Original comment by tad...@gmail.com
on 4 Apr 2011 at 4:01
We're not really interested in parsing exceptions - only content that is not
allowed. Unparsed content errors don't really fall into that, although I can
see why you might want them.
People have been using the number of error messages as an indication of whether
the data is safe. This is not what I intended with the API but parser errors
will complicate that (unfortunate) common usage.

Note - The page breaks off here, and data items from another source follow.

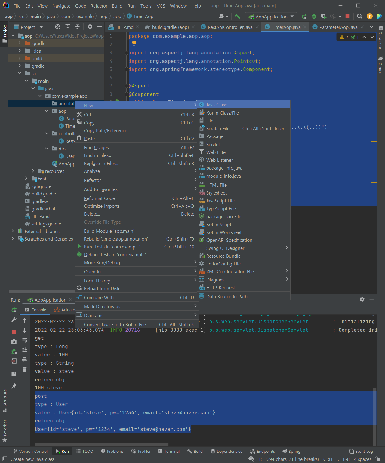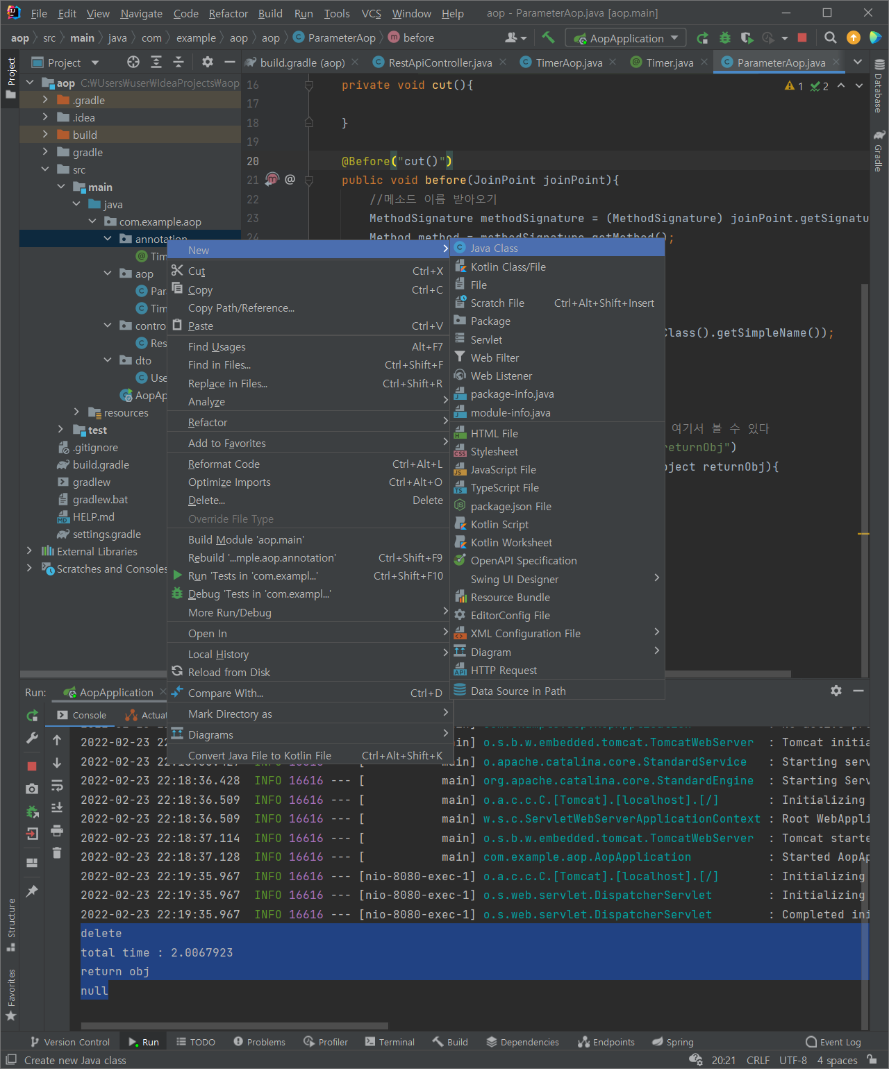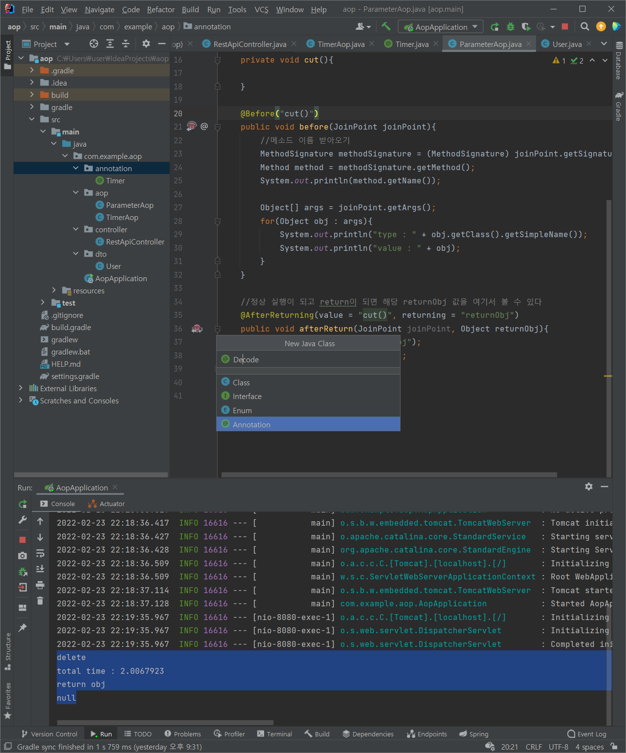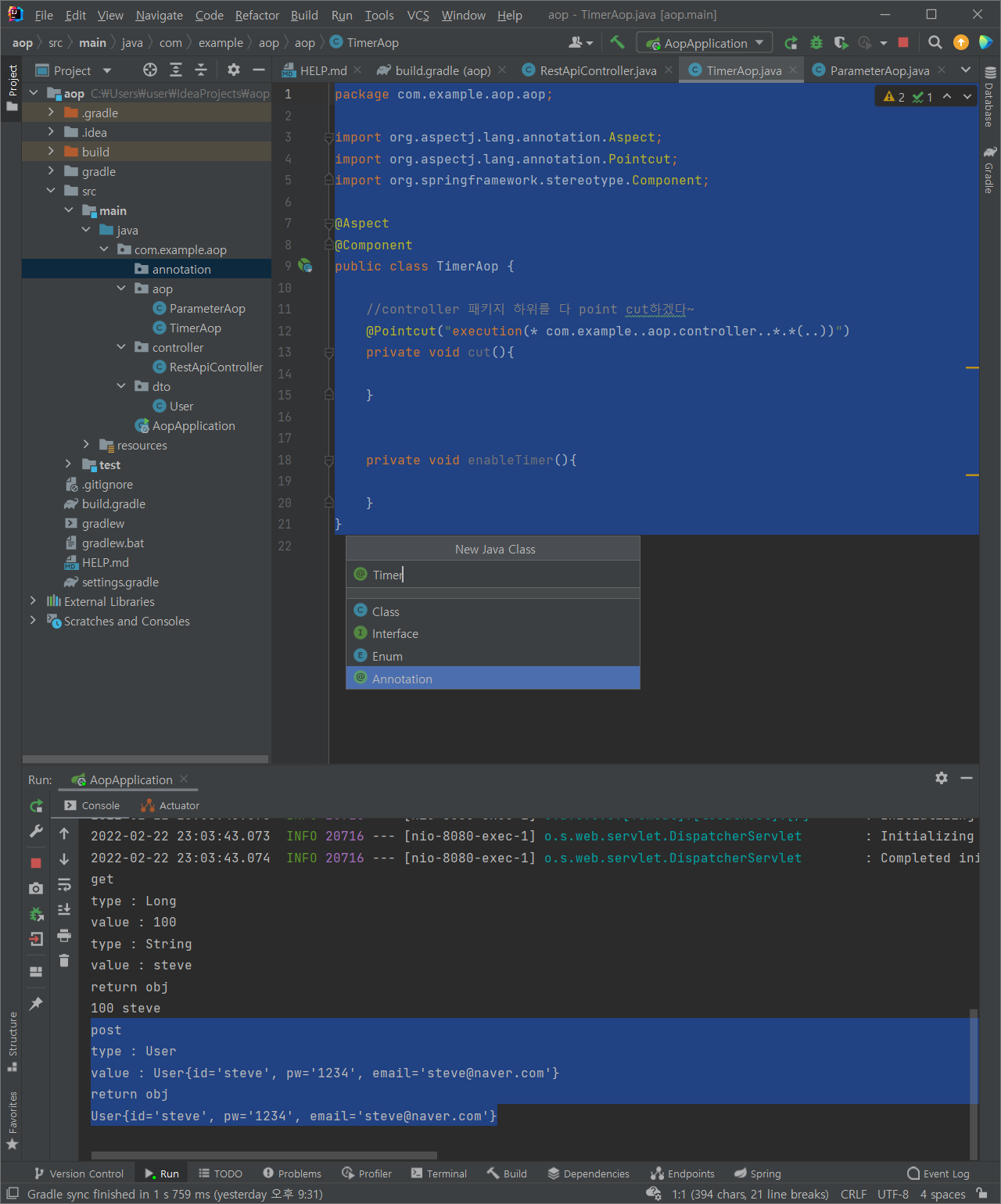 (1) aop 패키지에 TimerAop 클래스 추가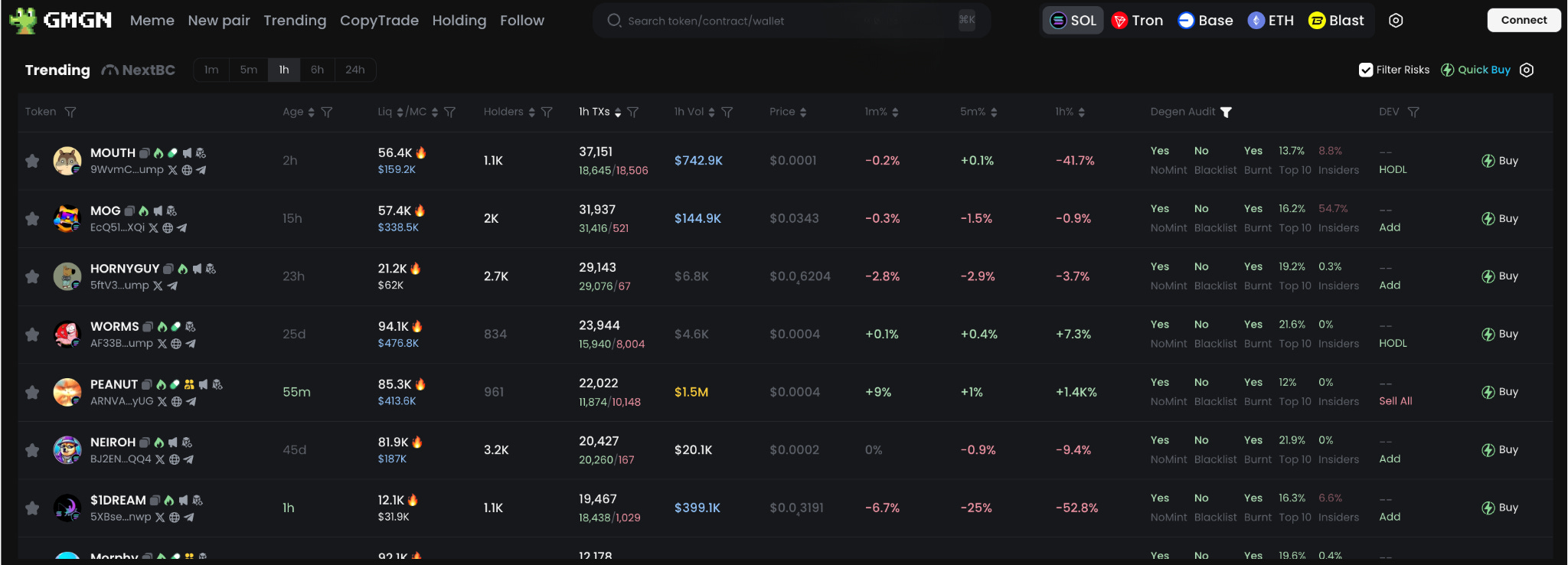 O GMGN possui várias ferramentas que auxiliam no trading de tokens, mas o que o destaca é o CopyTrade. Após conectar sua carteira e seu Telegram, você pode escolher endereços que deseja seguir, carregar sua carteira com SOL e ela copiará todas as suas compras e vendas.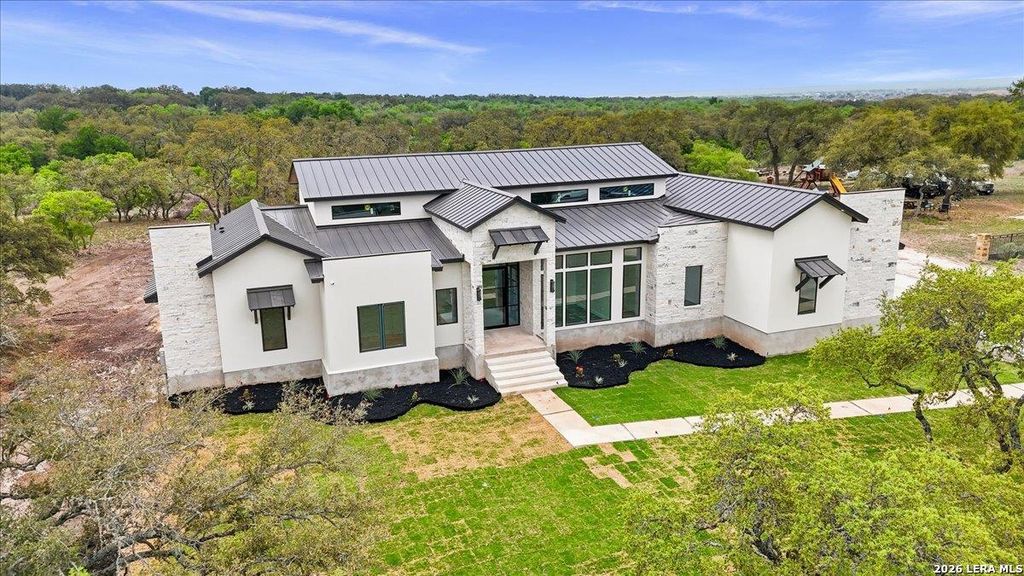 Modern Hill Country Estate | One-Story | Metal Roof | 1.5 Acres | Gated Located in prestigious Ridgeview Ranch, this Aurora Lux custom home offers 3,656 sq ft of elevated single-story living on a private 1.5-acre gated homesite. Designed with 4 bedrooms, 4.5 baths, a study, and a media/game room with bar, it blends refined design with everyday comfort. A grand pivot door opens to a dramatic living area featuring a statement coffered ceiling and expansive sliding glass doors that create seamless indoor-outdoor living. The covered patio with outdoor kitchen is ideal for entertaining. The chef's kitchen showcases an oversized island, premium Forno appliances, 48" gas range, butler's pantry, and striking two-tone cabinetry with warm wood accents. The private primary suite offers a stone feature wall, floating ceiling detail, fireplace, and a spa-like bath with dual vanities, walk-in shower, and freestanding tub. All secondary bedrooms include en-suite baths and walk-in close

Original comment by arshan.d...@gmail.com
on 7 Jun 2011 at 5:25
Arshan,
I can see where you are coming from. I understand that AntiSamy is a scrubber,
and not a validator. And I know that we had been using the number of errors as
an indication whether or not the data is safe (and thus needed the addition of
the parsing exceptions). I know this is wrong, and we are changing.
However, if we take the clean, and some of the input was removed due to parsing
exceptions, I don't see a good way to notify our users that part of their input
was removed. I know that we cannot be the first users to run into this issue,
so any thoughts on the matter would be appreciated.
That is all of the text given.